Morphine inhibits the TRPM2 signaling pathways in microglia cells, reducing the increases in oxidative stress, cytokines, and cell death caused by lipopolysaccharide.

Background: Microglia are brain resident cells that control neural network maintenance, damage healing, and brain development. Microglia undergo apoptosis, cytokine production, and reactive free radicals of oxygen (ROS) in response to lipopolysaccharide (LPS) stimulation. TRPM2 is activated by LPS-induced oxidative stress, but it is inhibited by carvacrol (CARV) and N-(p-amylcinnamoyl)anthranilic acid (ACA). Morphine (MRP), an opioid ligand, has the potential to be both an anesthetic and an antioxidant.

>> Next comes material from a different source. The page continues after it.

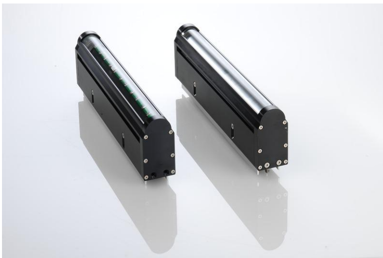
Lightline without focus adjustment tool

The focus adjustment bracket is removable.

Objective: We investigated how MRP changed the TRPM2 signaling pathways to protect murine BV-2 microglia cells from LPS-induced ROS, cytokine production, and death.

Materials and methods: We generated five primary groups in the cultured BV-2 cells: Control, MRP (50 μM for 24h), LPS (1 μg/ml for 24h), LPS + MRP, and LPS + TRPM2 blockers (ACA or CARV).

Results: The incubation of LPS increased the amounts of apoptosis, cell death (propidium iodide positive cell number), oxidants (ROS and lipid peroxidation), mitochondrial dysfunction, apoptotic markers (caspase -3, -8, and -9), cytokines (TNF-α, IL-1β, and IL-6), death cell waste (debris), cytosolic free Ca²⁺, Zn²⁺, and ADP-ribose-induced TRPM2 current densities, while the treatments of MRP and TRPM2 blockers reduced their amounts. The LPS-induced reductions in BV-2 viability percentage, BV-2 number, glutathione peroxidase activity, and glutathione levels were increased by the treatments.

Conclusions: MRP reduced the levels of LPS-induced oxidative stress, inflammatory cytokines, and apoptosis via inhibiting TRPM2 in the BV-2 cells. One possible treatment option for oxidative microglia damage and neurological disorders induced by LPS could be the MRP.